▶ [Data to examine]:
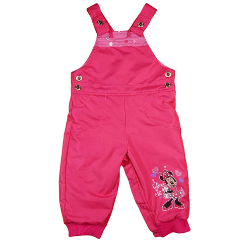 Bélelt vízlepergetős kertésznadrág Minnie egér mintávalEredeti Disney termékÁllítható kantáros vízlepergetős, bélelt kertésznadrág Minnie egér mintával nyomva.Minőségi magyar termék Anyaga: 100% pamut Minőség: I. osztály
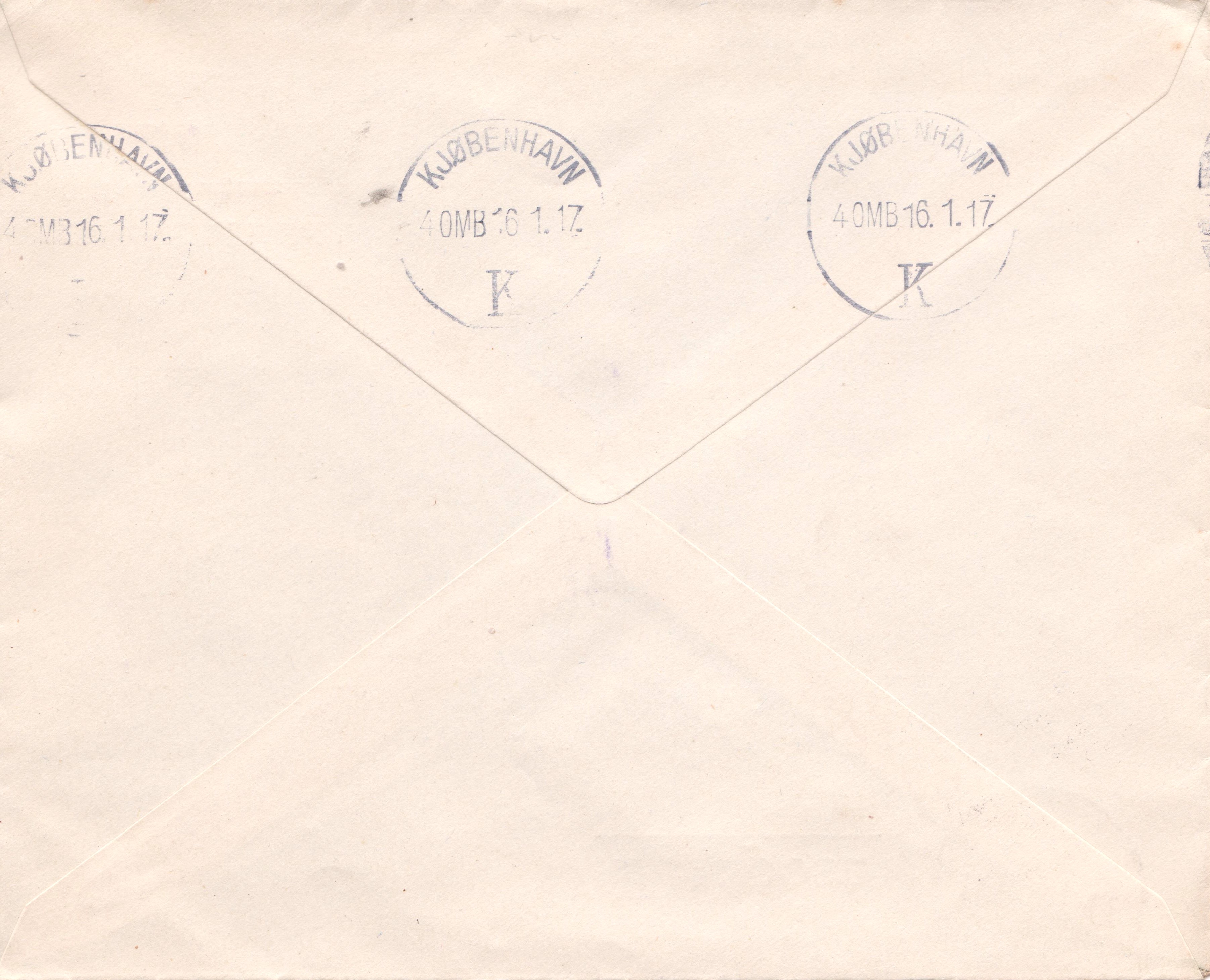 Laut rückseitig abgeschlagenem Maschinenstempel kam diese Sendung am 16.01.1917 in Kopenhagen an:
---
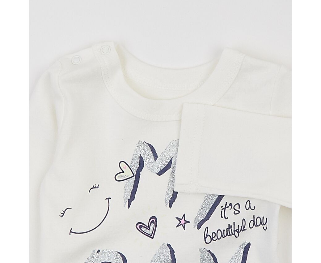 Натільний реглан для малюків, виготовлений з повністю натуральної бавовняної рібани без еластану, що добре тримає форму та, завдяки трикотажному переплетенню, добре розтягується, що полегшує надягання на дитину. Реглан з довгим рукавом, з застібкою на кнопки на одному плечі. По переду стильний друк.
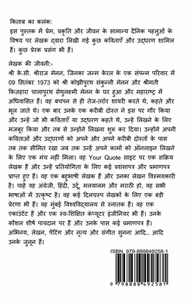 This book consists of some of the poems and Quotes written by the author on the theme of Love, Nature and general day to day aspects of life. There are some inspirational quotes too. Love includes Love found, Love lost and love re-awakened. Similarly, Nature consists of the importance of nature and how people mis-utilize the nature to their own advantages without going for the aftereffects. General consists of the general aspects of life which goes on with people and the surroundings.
==
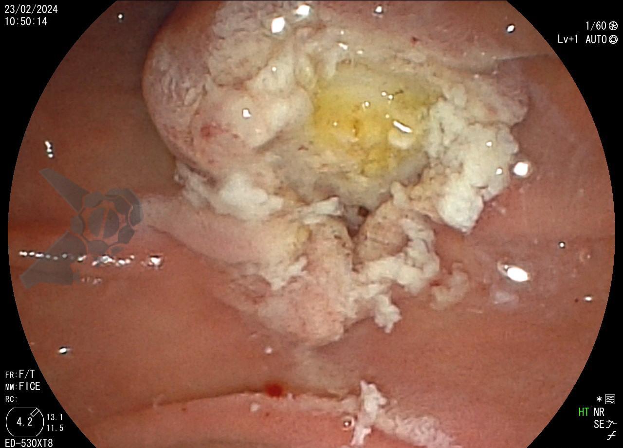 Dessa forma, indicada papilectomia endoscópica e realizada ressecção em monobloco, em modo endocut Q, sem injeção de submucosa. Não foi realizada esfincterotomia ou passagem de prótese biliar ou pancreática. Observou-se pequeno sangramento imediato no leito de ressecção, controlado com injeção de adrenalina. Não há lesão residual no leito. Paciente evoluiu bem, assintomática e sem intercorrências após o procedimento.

▶ [Brief]:
Go back to the listing above and reproduce, exactly, the stretch from the line bearing "Bélelt vízlepergetős kertésznadrág" through the line bearing "Laut rückseitig abgeschlagenem", without its pictures.

▶ [Task output]:
 Bélelt vízlepergetős kertésznadrág Minnie egér mintávalEredeti Disney termékÁllítható kantáros vízlepergetős, bélelt kertésznadrág Minnie egér mintával nyomva.Minőségi magyar termék Anyaga: 100% pamut Minőség: I. osztály
 Laut rückseitig abgeschlagenem Maschinenstempel kam diese Sendung am 16.01.1917 in Kopenhagen an:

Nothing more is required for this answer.